The man spent four years in college learning how to piece together evidence and training for what he thought was his dream job.

That man’s life used to be filled with sweaty jerseys, screaming fans and soccer cleats. That is, until Jonathan Morgan became a private investigator.

“That was my world for six months and I hated it,” the first-year Terrapins women’s soccer coach said.

Morgan left his van, radios and binoculars behind and looked for something else. Anything else.

Morgan, a recent college graduate, turned to his alma mater for a new position. He was offered an assistant coaching job with the Rowan College men’s soccer program, a team on which he was a four-year starter. But it was a profession he wasn’t completely sure he wanted to pursue.

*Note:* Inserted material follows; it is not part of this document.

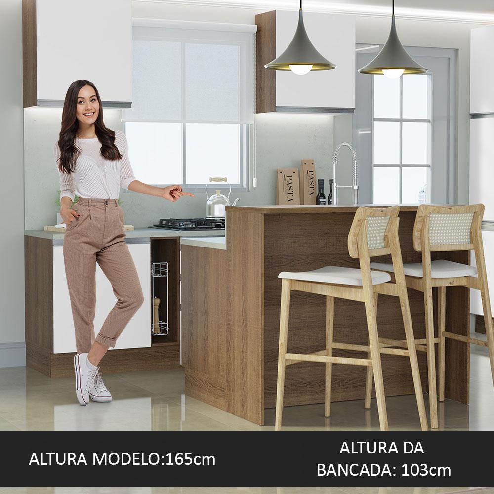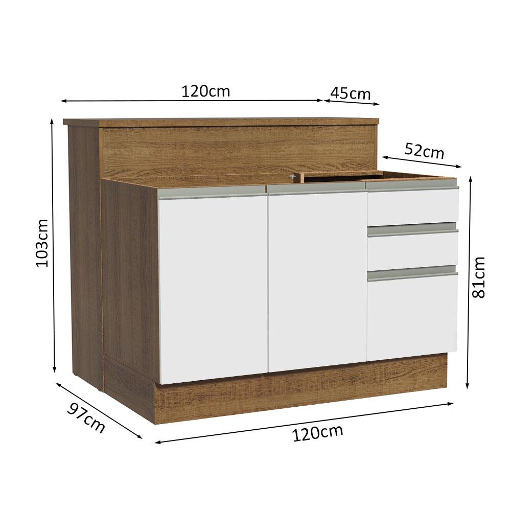 Ilha de Cozinha com Bancada e Balcão 120 cm Rustic/Branco Glamy Madesa

“It was another opportunity to stay around the team and be a part of it,” Morgan said. “I wasn’t sure if I really wanted to coach but it was an opportunity.”

Seventeen years later, the 39-year-old Delaware native is the head coach of the Terps — a program that is undefeated in conference play, at the top of the ACC standings and having the best league start since 1997.

The first time the Terps started ACC competition with two victories, Morgan was just two years out of college. Russ Farr, his roommate in New Jersey, had talked him into leaving his Rowan assistant position to coach club soccer. For eight years, he worked with children between the ages of 3 and 18, teaching basic soccer skills.

“I encouraged Jon to give up what he was doing at the time to see if we could make this coaching thing work,” said Farr, a youth soccer coach who had Morgan as his best man in his wedding. “He always credits me with getting him out of the investigative work and getting him back into soccer, which he loved.”

Farr’s suggestion has led Morgan down a winding path to College Park. But to get there, Morgan and his roommate had to first start a soccer training company together. The New Jersey business gave the pair access to star athletes and opened doors to higher positions.

“That’s where my coaching career really kicked off,” Morgan said. “I worked with some high level and national players. It was really great exposure.”

That exposure led Morgan to Glenn Crooks, the Rutgers women’s soccer coach. Crooks offered him a position as a volunteer assistant for the Scarlet Knights.

Through his work with Crooks and the exposure from his training business, Morgan was invited to coach a summer camp at Ohio State. When a position opened on the Buckeyes’ women’s soccer staff, coach Lori Walker figured Morgan was an ideal fit. Morgan accepted a position as Walker’s second assistant.

“My world was just youth soccer and a few years later I was coaching at one of the biggest universities,” Morgan said. “At that point, I was pretty much committed to college soccer.”

Morgan slowly developed a friendship with then-Terps coach Brian Pensky through the college coaching circuit, and Pensky entrusted him with scouting and judging the New Jersey girls he had trained years before. In 2006, Pensky made an offer Morgan couldn’t refuse.

“I grew up in Delaware, so when an opportunity opened up at Maryland, and Brian asked if I wanted to come back home, I said ‘yes,’” Morgan said. “Maryland was a place I visited a lot in my adolescence. It was close to home, and it was in the ACC. I was like, ‘Absolutely.’”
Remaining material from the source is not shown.